Thus far, studies using FPF imaging devices in patients have provided evidence that filter bands placed near the emission peak of flavoproteins (and at the shoulder of lipofuscin emission) maximize signal-to-noise ratio, and that fluorescent signal is emitted primarily from flavoproteins, not lipofuscin or other fluorophores [11, 12, 60]. For example, FPF asymmetry has been identified between eyes in pseudotumor cerebri (PTC) and unilateral central serous chorioretinopathy (CSCR), which is unlikely to be due to significant asymmetric accumulation of other fluorophores [18, 60]. Furthermore, in eyes with AMD, FPF hyperfluorescence was observed in areas of GA, where lipofuscin hypofluorescence is known to be present [13]. At the same time, it should be noted that lipofuscin is known to accumulate in drusen and has been linked to oxidative stress in AMD. Thus, in AMD, lipofuscin likely contributes both to increased levels of oxidized flavoproteins and potential contaminating autofluorescence [61].
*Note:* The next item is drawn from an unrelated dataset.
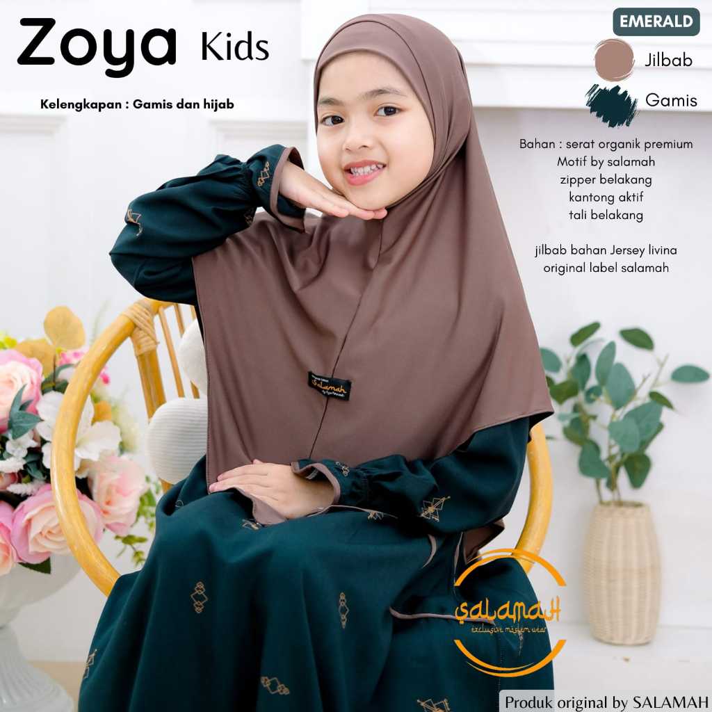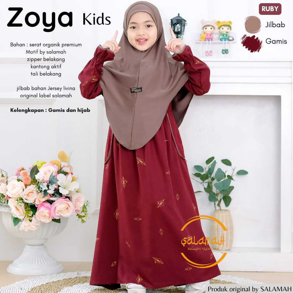Gamis anak ZOYA KIDS Plus Jilbab| Motif by Salamah | usia 2 3 4 5 6 7 8 9 11 -15 tahun | by Salamah

Elevated FPF has also been observed in cultured neural retina and RPE cells only hours after exposure to oxidizing agents [11, 14]. These findings further link measured fluorescence to flavoproteins rather than lipofuscin or AGEs, since these fluorophores do not increase with acute exposure to oxidizing treatments, and because the tissues and recently passaged cells were too young to accumulate these products.
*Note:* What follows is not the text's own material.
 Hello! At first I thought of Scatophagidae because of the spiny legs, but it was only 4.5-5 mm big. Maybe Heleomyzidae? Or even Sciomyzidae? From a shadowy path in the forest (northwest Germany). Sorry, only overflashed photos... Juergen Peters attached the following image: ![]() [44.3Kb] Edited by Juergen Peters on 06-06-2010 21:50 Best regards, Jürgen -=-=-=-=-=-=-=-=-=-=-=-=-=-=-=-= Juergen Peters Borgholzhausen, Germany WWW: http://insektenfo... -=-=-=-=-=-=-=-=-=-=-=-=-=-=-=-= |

Non-ocular studies and retinal studies in vitro

In non-ocular tissues, studies have highlighted FPF as a valuable marker of mitochondrial dysfunction. For instance, an early study found that FPF was measurable in single cardiac cells that were subjected to hypoxia [62]. Later experiments showed that FPF increases with oxidative stress in myocardial ischemia-reperfusion injury, and is accompanied by reduced mitochondrial respiratory activity [63]. Research in brain tissues has also shown utility of FPF in the assessment of metabolic function and damage secondary to hypoxia [64].
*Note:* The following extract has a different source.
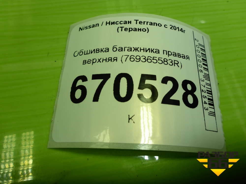 Обшивка багажника правая верхняя (769365583R) для Nissan Terrano с 2014г (Терано) в Челябинске

In the retina, recent investigations have demonstrated that oxidative stress leads to increased FPF that correlates with decreased mitochondrial function and increased apoptosis. Elner et al. exposed human RPE cells to hydrogen peroxide and ceramide to induce oxidative stress and observed significant increases in FPF [11]. In contrast, co-treatment with the antioxidant N-acetylcysteine prevented FPF elevations. A later experiment replicated these findings, showing that hydrogen peroxide treatment increased RPE FPF in a time- and dose-dependent manner [14]. Moreover, FPF elevations preceded and were associated with decreased mitochondrial membrane potential and increased apoptosis. In neural retinal tissue, similar FPF elevations were seen, and were prevented by antioxidant co-treatment. Lastly, RPE cells co-cultured with monocytes displayed increased FPF that correlated with expression of pro-inflammatory cytokines. Taken together, these studies provide compelling evidence that retinal FPF can act as a biomarker of mitochondrial metabolic dysfunction that precedes apoptosis and structural damage.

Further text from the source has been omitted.